I dolci sono stati celebrati in numerosissimi testi letterari:
- nel Gattopardo di Tomasi di Lampedusa è descritta, con ironia, la gelatina al rum
- in Bagheria, romanzo autobiografico di Dacia Maraini, si trovano nostalgiche
descrizioni di dolci palermitani
- il commissario Montalbano di Andrea Camilleri, in uno degli episodi porta in
macchina quantità incredibili di dolci andando in visita dalla sorella del suo vice Mimì
pag. 15 Il ristorante in letteratura
- La nausea, di Jean-Paul Sartre (1938). Il ristorante è visto come un luogo in cui ognuno
recita una parte, una farsa che vede una platea, fatta dai clienti, e attori che recitano
dietro le quinte e sul palcoscenico (cuochi e camerieri).
- Kitchen Confidential – Avventure gastronomiche a New York, dello chef scrittore
Anthony Bourdain (2000). Per la prima volta lo chef non fa solo da sfondo a personaggi
più “interessanti”, ma è protagonista ed “eroe” della storia.
- In the kitchen, di Monica Ali (2009). Romanzo ambientato nel centro di Londra, il
protagonista, Gabriel Lightfoot, aspirante chef, ci mostra a sue spese i meccanismi crudeli
dell’ambiente della haute cuisine.
- La scuola degli ingredienti segreti, di Erica Bauermeister (2009). La protagonista ha
una scuola di cucina, e con il cibo guarisce gli animi dei suoi allievi.

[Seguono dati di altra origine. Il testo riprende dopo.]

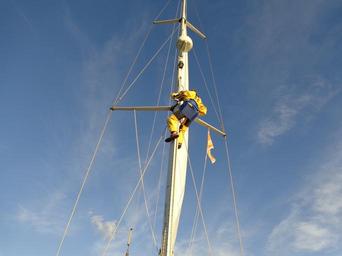 Keywords: sail mast leash repair perch wind sky summer sun sea sport risk adventure fear courage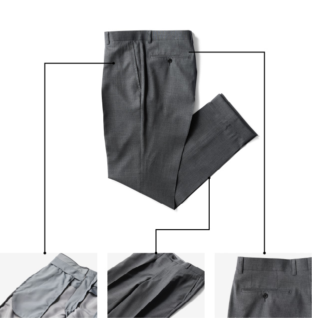 膝当ては、ウォッシャブルでありながら、放湿性と通気性に優れた贅沢なキュプラ/ポリエステル素材を採用しています。特殊な組織で、水抜けを向上させ、収縮を抑え、洗濯・乾燥シワの発生を低減させます。生地によって使い分けながら、洗濯後のプリーツセット性を高めるセット加工で、クリースを消えにくくしています。

- Focaccine al miele, di Cemali Zeynep (2012). Romanzo per ragazzi, è ambientato in
una caffetteria di Istanbul.
pag. 16 Il cibo al cinema
- Il pranzo di Babette, film di Gabriel Axel del 1987, tratto dal racconto omonimo di
Karen Blixen. Una cuoca scappata dalla guerra civile francese (1870-71), si rifugia in
una cittadina danese, dove non c’è neanche un ristorante perché si respinge ogni
occasione di piacere terreno. Qui la protagonista offre agli abitanti un raffinatissimo
pranzo, per poter rivendicare la sua arte culinaria, suscitando scandalo, soprattutto
negli anziani.
- Chocolat, film di Lasse Hallström, del 2000. Una cioccolataia conoscitrice di ricette
antichissime e segrete, apre la sua cioccolateria in un paesino francese, in cui regna
la morale cattolica, oltretutto durante il periodo del digiuno quaresimale. Tutto questo,
oltre alla sua amicizia con uno zingaro, porterà scompiglio nella cittadina, e in alcuni
abitanti diffidenza e ostilità. Ma il potere della cioccolata riporterà l’equilibrio nella
comunità.
pag. 17 Il cibo al cinema
- Un tocco di zenzero, film di Tassos Boulmetis del 2003. Con estrema delicatezza, si
racconta la storia di un bambino, che nella bottega delle spezie del nonno, sulla riva
orientale del Bosforo, a Costantinopoli, impara la vita e l’amore. Sullo sfondo i problemi tra
Grecia e Turchia degli anni ’60 del Novecento.
- Pranzo di ferragosto, film diretto e interpretato da Gianni Di Gregorio, nel 2008.
Gianni, romano di mezza età che vive con la madre anziana dividendosi tra la casa e il
bar, si ritrova per una serie di coincidenze a dover badare, nel mese di agosto, oltre che a
sua madre, alla mamma e alla zia del suo amministratore di condominio, e alla madre del
suo medico generico. Imparerà anche grazie al cibo la gioia di vivere.
- Julia & Julia, film di Nora Ephron del 2009. Il film segue parallelamente le vicende di
Julie Powell (una ragazza di New York) e quelle di Julia Child (americana che, al seguito
del marito ambasciatore, a metà Novecento visse a Parigi, dove imparò l’arte della buona
cucina, che poi “insegnò” agli Americani).